The employer’s decision to deal with the employee in this
manner was considered by the court to warrant a punitive
damage award of $50,000, in addition to an eight month pay
in lieu of notice judgment. This decision highlights the
risks of terminating employees “for cause”, and serves as
a lesson to charities and not-for-profit organizations that
alleging cause without proper evidence may be a costly decision
should the matter end up before the courts.
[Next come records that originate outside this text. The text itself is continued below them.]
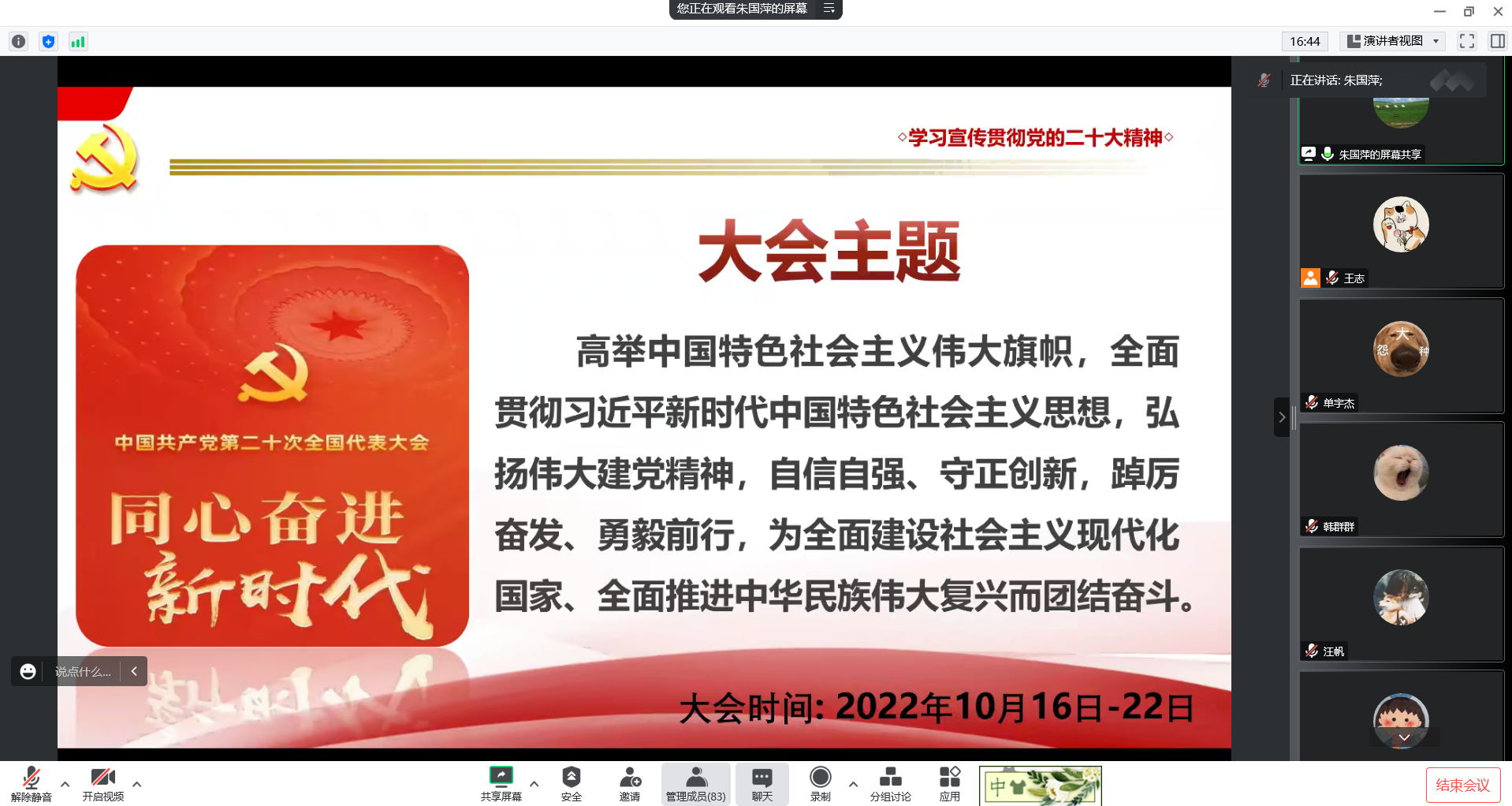 朱国萍老师从大会主题谈起,从“牢牢把握过去5年工作和新时代10年伟大变革的重大意义”“牢牢把握习近平新时代中国特色社会主义思想的世界观和方法论”“牢牢把握以中国式现代化推进中华民族伟大复兴的使命任务”“牢牢把握以伟大自我革命引领伟大社会革命的重要要求”“牢牢把握团结奋斗的时代要求”和“二十大报告的其他创新点”等六方面深刻解读了党的二十大的核心要义和精神内涵,课程中穿插了数据、图片和视频,思政课生动而充实。
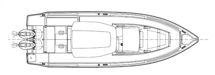 Il V33 nasce “outboard-centric”. L’allestimento più diffuso in Europa e USA prevede twin Mercury Verado V8 300 hp con joystick di ormeggio e integrazione su plancia “glass cockpit” (Garmin/Simrad a scelta dealer). In alternativa, su alcuni mercati sono disponibili gruppi poppieri benzina/diesel (es. Volvo Penta) per chi ricerca plancetta stern-to più ampia o esigenze specifiche di rimessaggio.
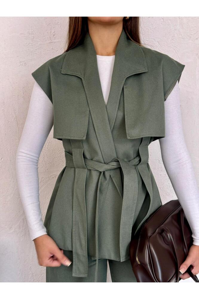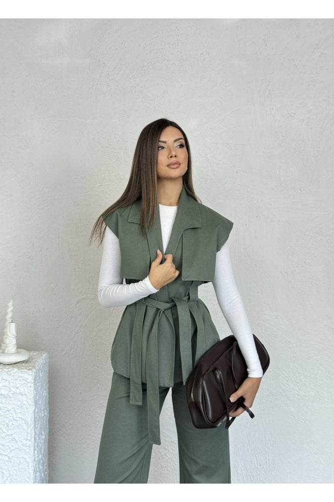 Rüzgarlık Detaylı Kuşaklı Kolsuz Kadın Şık Klasik Günlük Nişan Düğün Pantolon Yelek Takım
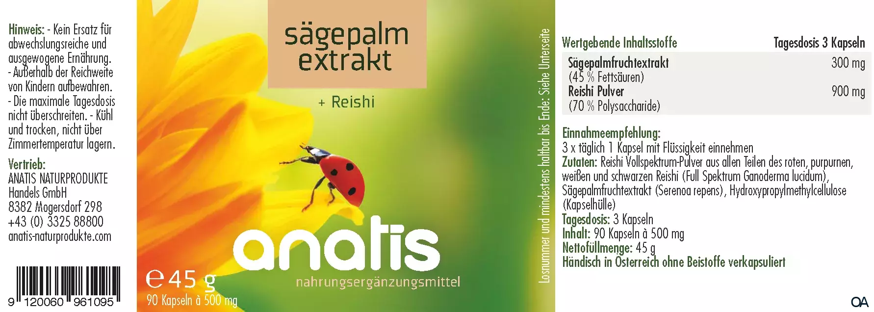 anatis Sägepalmextrakt+Reishi Kapseln ist ein Nahrungsergänzungsmittel mit 100 mg 45 %-iger Sägepalmfruchtextrakt pro Kapsel.
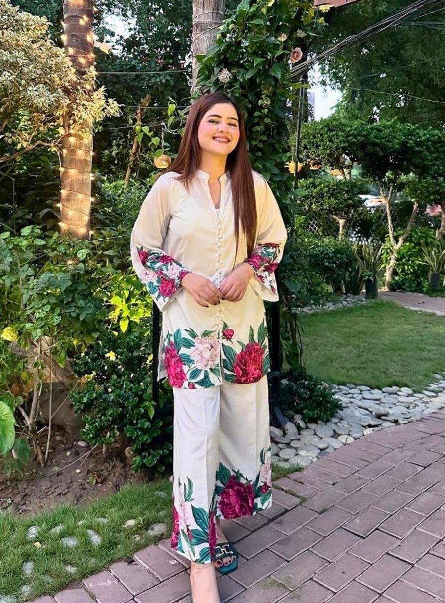 2 Pcs Women’s Stitched Printed Silk Shirt And Trouser

B. BACKGROUND TO THE DECISION
The plaintiff began working
for Connect North America Corporation (the “employer”) in
2002 as a telephone operator. She had several promotions
which led to her roles as supervisor, centre manager, and
finally, the Director of Marketing. After five and a half
years of service with the employer, her employment was terminated
in 2007, with no cause for termination alleged by the employer
at the time. The initial reason given to the plaintiff for
her termination was a ‘shortage of work’. The plaintiff
subsequently filed an action for wrongful dismissal. Not
long after this, the employer alleged termination for cause,
and in a letter to the plaintiff, claimed that she had engaged
in the unauthorized use of company funds. The employer even
went so far as to post on the company website that there
had been a significant misappropriation of cash funds by
management.
C. THE ISSUES AND DECISION
The relevant issues of
the decision, for the purposes of this Bulletin are:
1. Did the plaintiff misappropriate
or engage in the unauthorized use of company funds? and
2. Were punitive damages appropriate?
1.
Issue One - Cause
The employer alleged that
the plaintiff had stolen from the company. However, the
court found that the use of unclaimed incentive funds as
a petty cash fund for small parties, minor incidental expenses
and occasional small pay advances was authorized and condoned
by the employer’s management. As a result, the plaintiff
did not engage in the unauthorized use or misappropriation
of funds by permitting these funds to be used for such purposes,
or by overseeing or managing the funds. The court ultimately
found that there were no grounds for the dismissal of the
plaintiff and she was wrongfully dismissed from her employment.
2.
Issue Two - Damages
In deciding whether punitive
damages were appropriate, the court reviewed the legal principles
as developed by cases decided by the Supreme Court of Canada. Since punitive damages
are usually seen as the exception rather than the rule,
the threshold issue in awarding such damages is whether
the defendant’s “conduct is so outrageous that punitive
damages are rationally required for the purposes of deterrence,
denunciation and retribution.”
The employer in this case
made a serious complaint to the police of fraud and misappropriation
that was baseless and without foundation, and in direct
response to the commencement of legal proceedings for wrongful
dismissal by the employee. Also, in addition to these allegations,
the employer made inappropriate postings on the company
website which were deliberately targeted at the employee
to disparage and intimidate her. While the postings did
not specifically name her, the court found that there was
a serious implication that the information provided on the
website was referencing the employee.
As a result of these actions
by the employer, the court held that its conduct in concocting
cause after-the-fact based on unfounded allegations to the
police was reprehensible and egregious. Although this kind
of conduct is rare, the judge ruled that for the purposes
of deterrence, denunciation and retribution, it was necessary
to award punitive damages. Also, the judge ruled that it
was important for employers to be reminded that they may
be liable for any type of “brutish and reprehensible conduct”
towards employees.
The court awarded the plaintiff
$50,000 in punitive damages. In awarding this amount, the
judge took into consideration several factors including:
the blameworthiness of the employer’s conduct, the vulnerability
of the plaintiff at the time of dismissal, the harm directed
at the plaintiff, the need for deterrence, and the advantage
the defendants sought by seeking to avoid damages for wrongful
dismissal.
D. CONCLUSION
The Supreme Court of Canada
has made it clear that punitive damages should only be awarded
in exceptional circumstances. As a result, punitive damages
are relatively rare in wrongful dismissal cases. However,
the outcome of this decision demonstrates that the court
will not hesitate to impose punitive damages on employers,
under the right circumstances. This decision is a useful
reminder for employers to act in good faith when dealing
with employees upon termination.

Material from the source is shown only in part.